**Task directions**
In the entries below, find the line with "比如我之前看过一个爆款视频,两车发生剐蹭" and the line with "记者周金友摄影报道 昨天上午", then retype both and everything between them exactly. Do not copy the pictures.

**Exercise data**
__________________________________________________
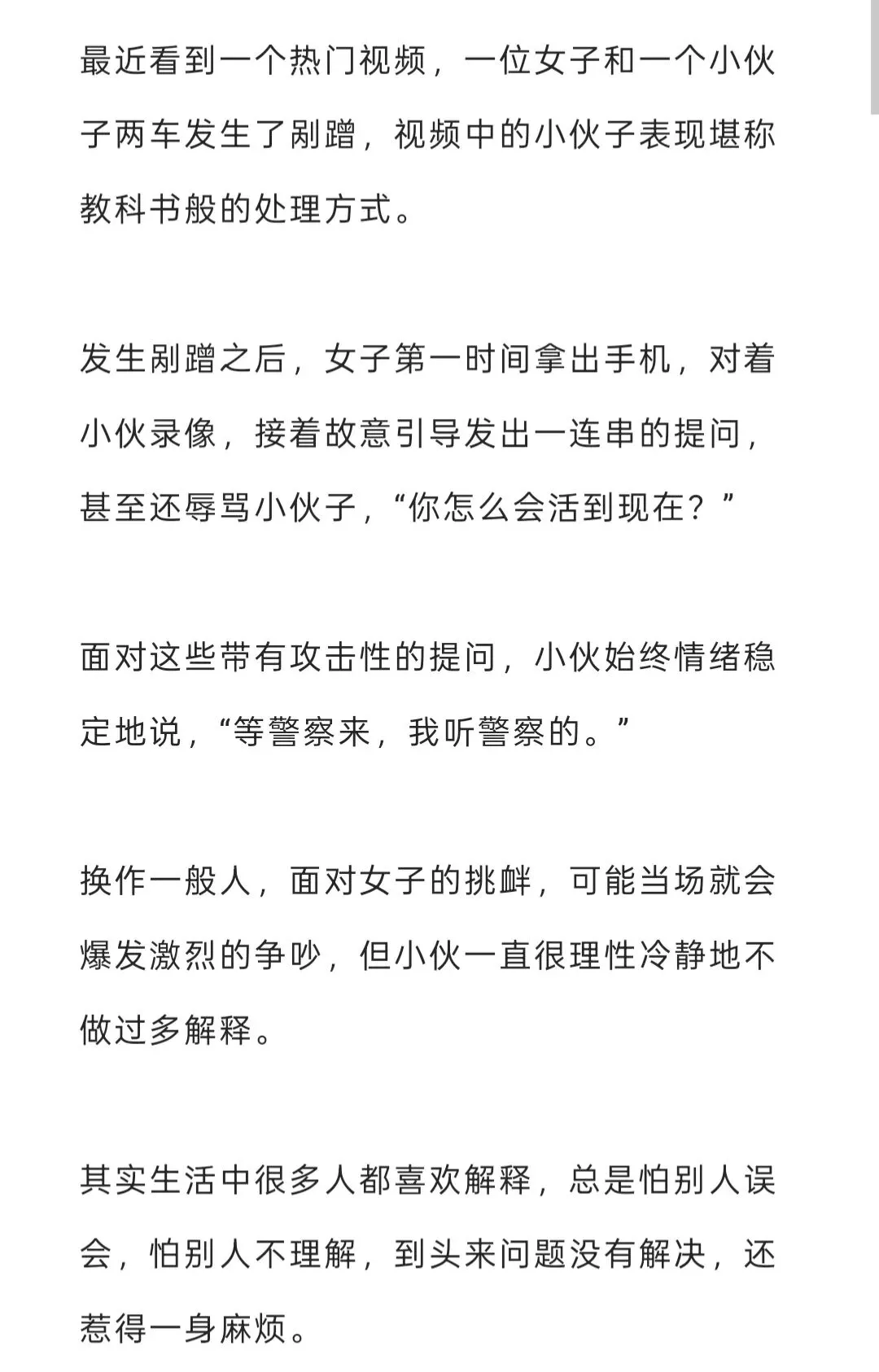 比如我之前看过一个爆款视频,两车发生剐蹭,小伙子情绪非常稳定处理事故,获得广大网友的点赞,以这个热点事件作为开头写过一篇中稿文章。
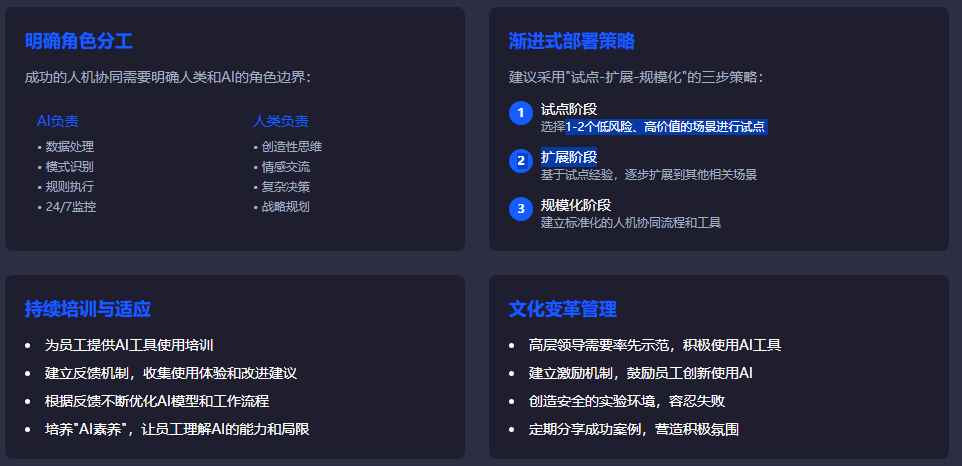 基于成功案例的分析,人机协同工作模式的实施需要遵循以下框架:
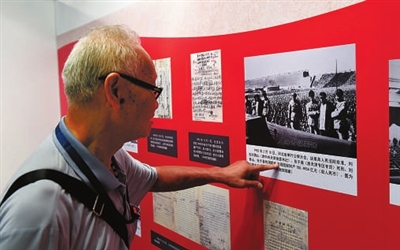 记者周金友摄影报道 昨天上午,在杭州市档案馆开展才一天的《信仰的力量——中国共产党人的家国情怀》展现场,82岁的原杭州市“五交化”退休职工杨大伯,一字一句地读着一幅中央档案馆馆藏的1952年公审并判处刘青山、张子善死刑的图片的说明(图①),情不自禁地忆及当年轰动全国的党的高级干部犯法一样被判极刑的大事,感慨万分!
__________________________________________________
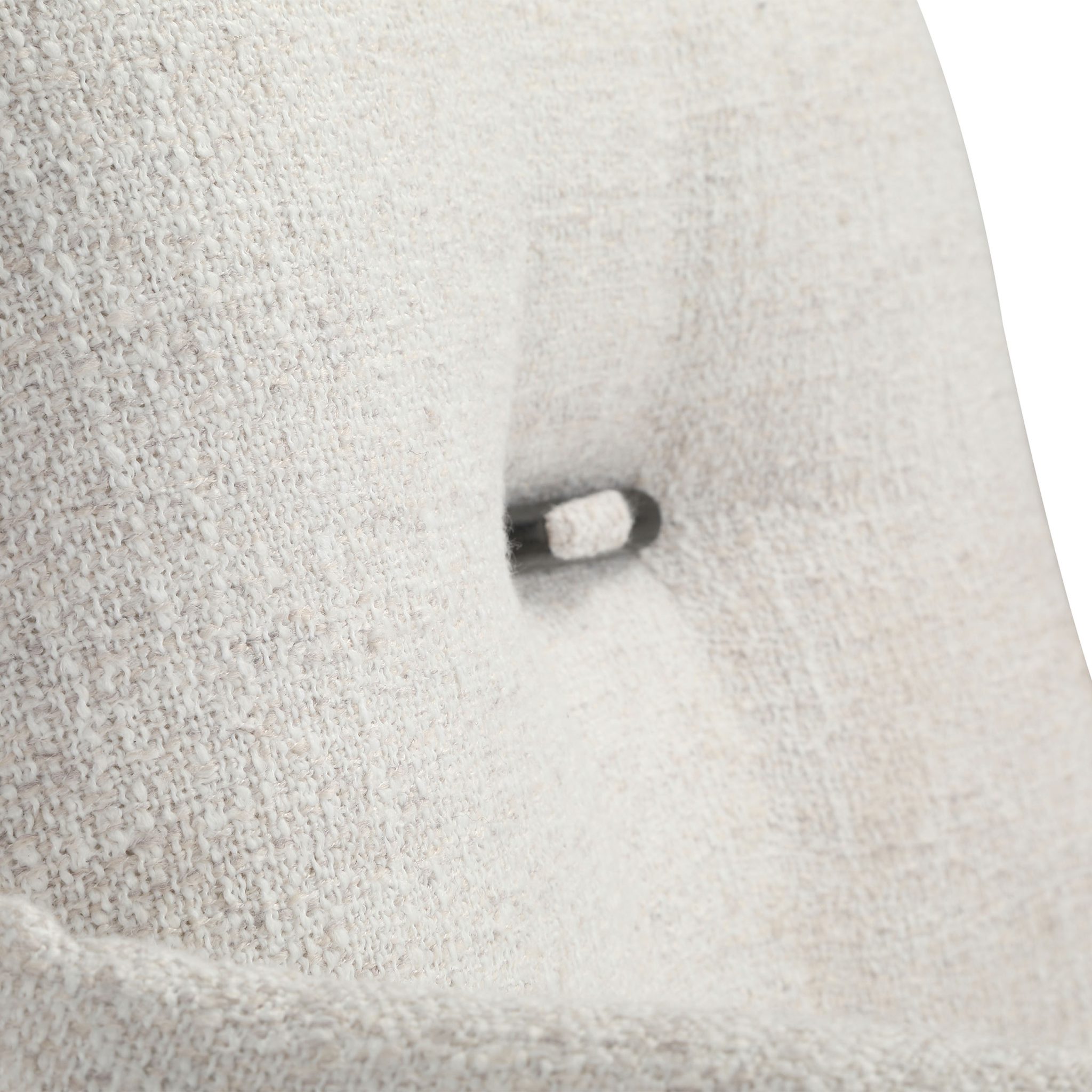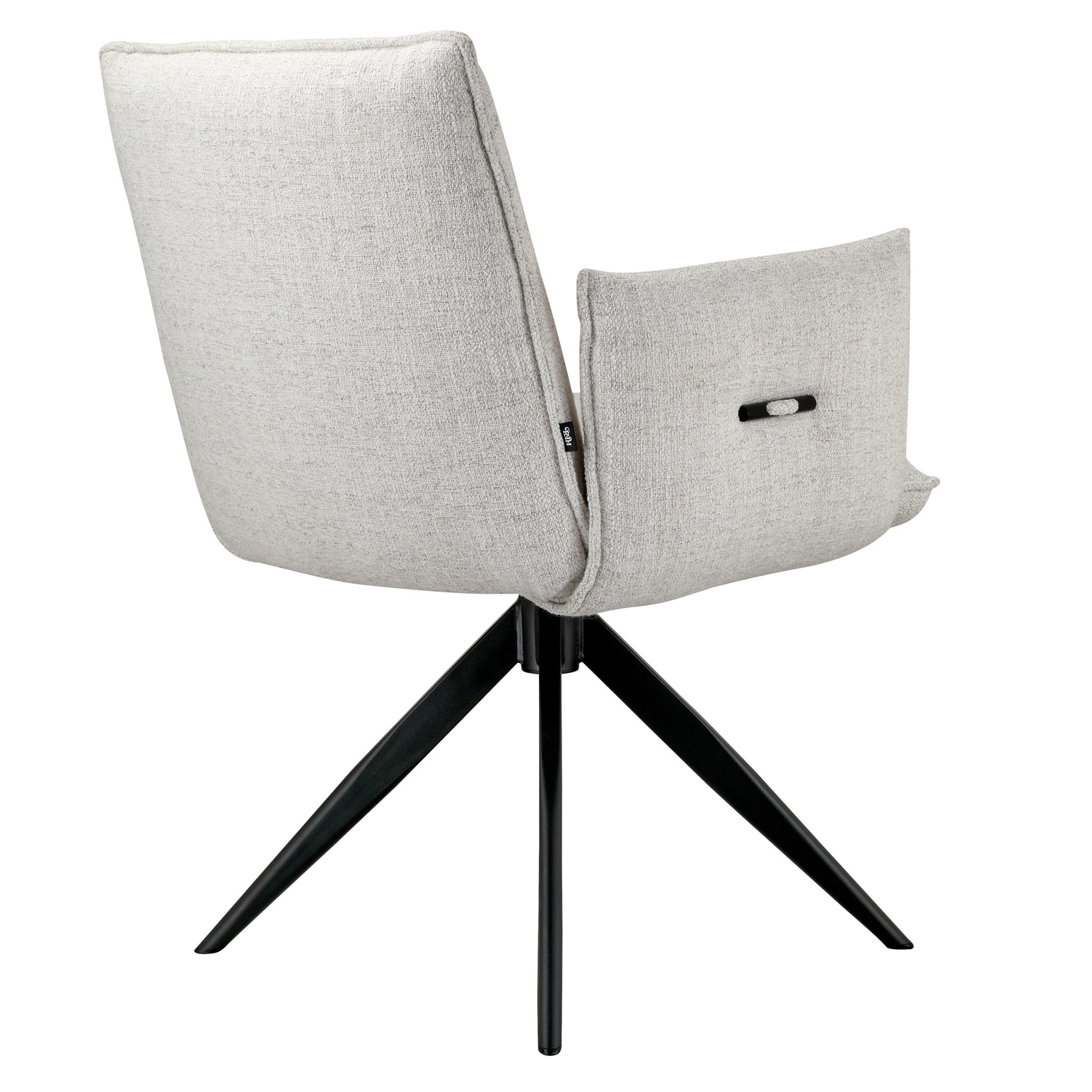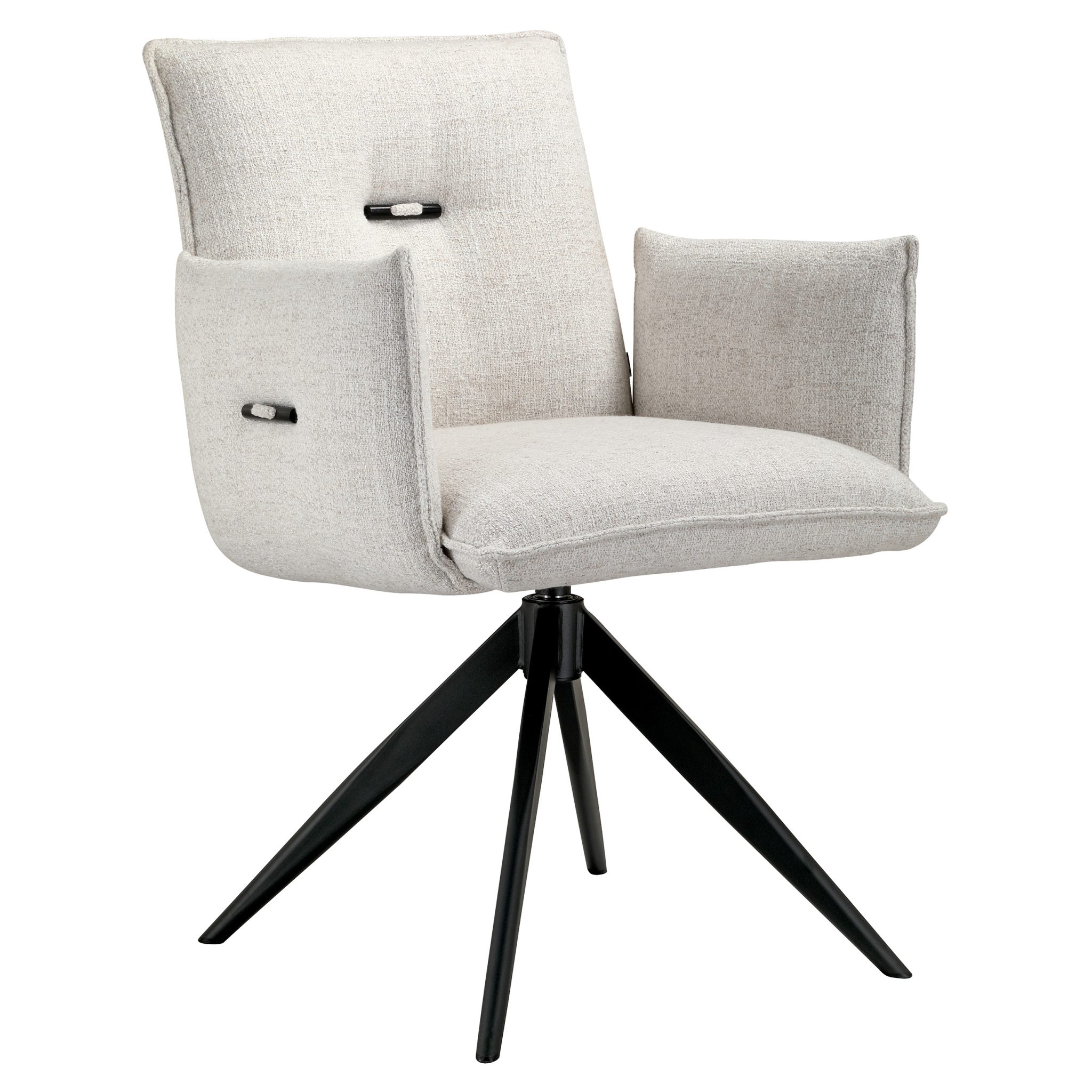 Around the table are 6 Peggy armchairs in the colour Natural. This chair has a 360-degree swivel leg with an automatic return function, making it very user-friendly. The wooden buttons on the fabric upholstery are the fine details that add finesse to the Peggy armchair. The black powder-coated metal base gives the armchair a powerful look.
__________________________________________________
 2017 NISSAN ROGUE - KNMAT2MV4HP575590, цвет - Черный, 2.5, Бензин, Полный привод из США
__________________________________________________
**Written answer**
 比如我之前看过一个爆款视频,两车发生剐蹭,小伙子情绪非常稳定处理事故,获得广大网友的点赞,以这个热点事件作为开头写过一篇中稿文章。
 基于成功案例的分析,人机协同工作模式的实施需要遵循以下框架:
 记者周金友摄影报道 昨天上午,在杭州市档案馆开展才一天的《信仰的力量——中国共产党人的家国情怀》展现场,82岁的原杭州市“五交化”退休职工杨大伯,一字一句地读着一幅中央档案馆馆藏的1952年公审并判处刘青山、张子善死刑的图片的说明(图①),情不自禁地忆及当年轰动全国的党的高级干部犯法一样被判极刑的大事,感慨万分!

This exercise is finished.